A new continent-wide aeromagnetic anomaly compilation for Antarctica, conformed at longer wavelengths with SWARM satellite magnetic data includes recent international datasets collected after the ADMAP 2.0 compilation analysed within the 3D Earth project of ESA.

This ADMAP 2.0+ product includes: 1) ROSETTA data collected by a US-NZ team over the Ross Ice Shelf; 2) reprocessed US-German and UK data collected over the Amundsen Sea Embayment; 3) German, Danish, UK- Argentina-Norwegian data over the Recovery ice stream catchment; 4) ESA PolarGAP data over South Pole and 5) enhanced vintage datasets for the Gamburtsev Subglacial Mountains and Wilkes and Dome C regions in East Antarctica. A new digital database was assembled using updated line data holdings and all data were levelled. microlevelled and stitched together via grid stitching approaches and subsequently differentially continued to 4 km and re-gridded on a 4 km grid mesh.

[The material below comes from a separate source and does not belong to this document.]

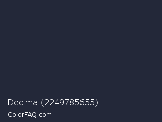 Decimal 2249785655 Color is a very dark blue color and the nearest color is Ebony Clay #26283b. Hex code #232839 and RGB value is rgb(35,40,57). In RGB color space, this color is composed of 14% red, 16% green, 22% blue, In CMYK color space, this color is composed of 39% cyan, 30% magenta, 0% yellow , 78% black , In HSL color space, this color has a hue angle of 226° , 24% saturation and 18% lightness.

Here we use this new aeromagnetic anomaly compilation to re-assess Antarctic geothermal heat flux (GHF) heterogeneity, a critical basal boundary condition that influences Antarctic ice sheet flow and subglacial melting patterns and hydrology, and is related to crustal and lithospheric structure, composition, and heat production.

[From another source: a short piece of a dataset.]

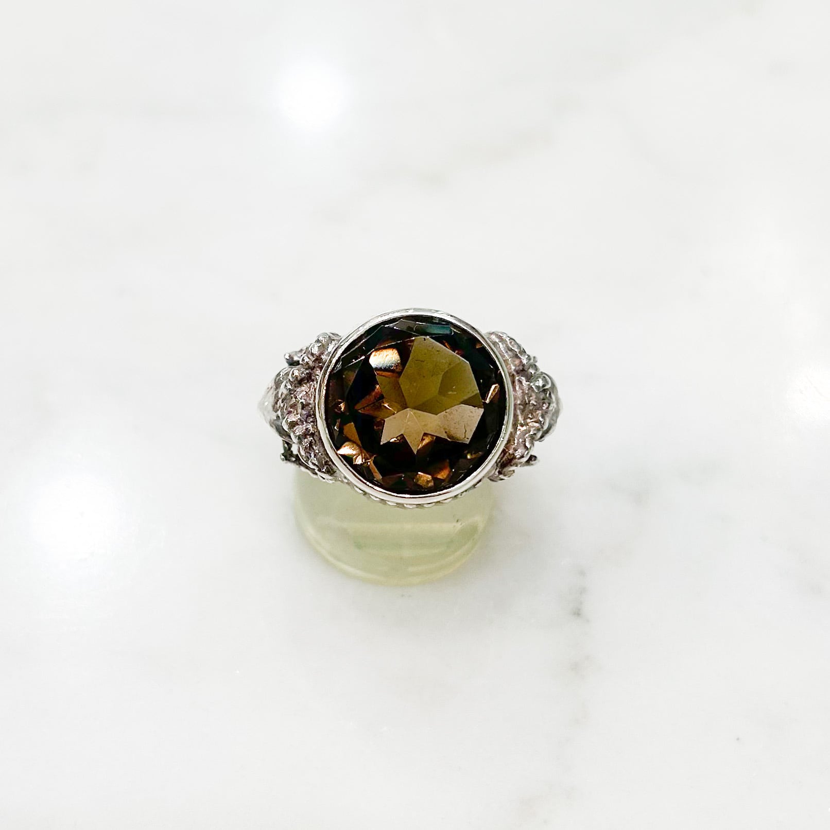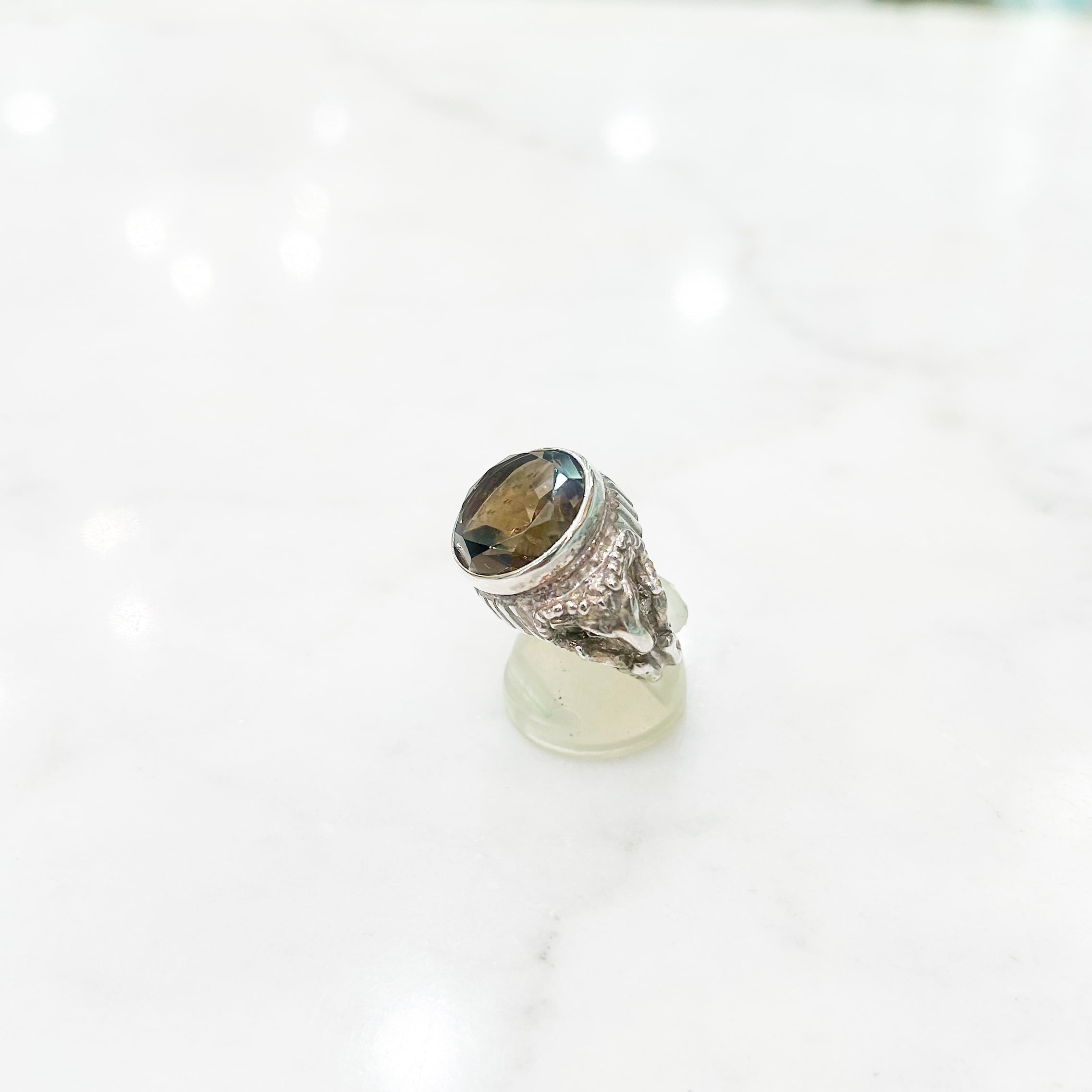 覆輪留めされたスモーキークォーツ(12.45ct)の銀の山羊リング

Within the 4D Antarctica ESA project we applied Curie Depth Point (CDP) estimation using the centroid, modified centroid and fractal/defractal approaches. Our new CDP map reveals regions of enhanced GHF along the coast of the Amundsen Sea Embayment, in agreement with independent seismological estimates. Potential thermal anomalies within the West Antarctic Rift System (WARS) also underlie the Byrd Subglacial Basin. Linear rift related anomalies are now imaged more clearly beneath the Siple Coast ice streams and active subglacial lake districts.

In East Antarctica, the new CDP estimates over the enigmatic WSB are significantly deeper compared even to the coldest sectors of the WARS. This suggests that if Mesozoic to Cenozoic extension affected this region, it mostly occurred at upper crustal levels rather than the whole lithosphere, in general agreement with relatively sparse seismological evidence for a predominantly cratonic lithospheric environment. A particularly intriguing region of enhanced GHF is identified in Dronning Maud Land. We propose that this could arise from lithospheric thinning perhaps associated with delamination processes, which have been independently inferred from petrological signatures in post-orogenic granitoids, emplaced after the pan-African age assembly of Gondwana. Alternatively, this feature could reflect thermal anomalies related to much later passive margin formation during Gondwana rifting and break up.

Finally, we discuss intriguing GHF anomalies inferred in the Dome C and Dome A subglacial lake regions in interior East Antarctica. We suggest the hypothesis that these anomalies relate to anomalously high intracrustal heat production, such as observed in Australia in some Proterozoic terranes, or to ill-constrained reactivation of the inherited structural architecture, This includes major Proterozoic and younger Pan-African age orogenic belts that may have been reactivated in response to far field stresses during Mesozoic to Cenozoic Gondwana break up and subsequent sea floor spreading processes.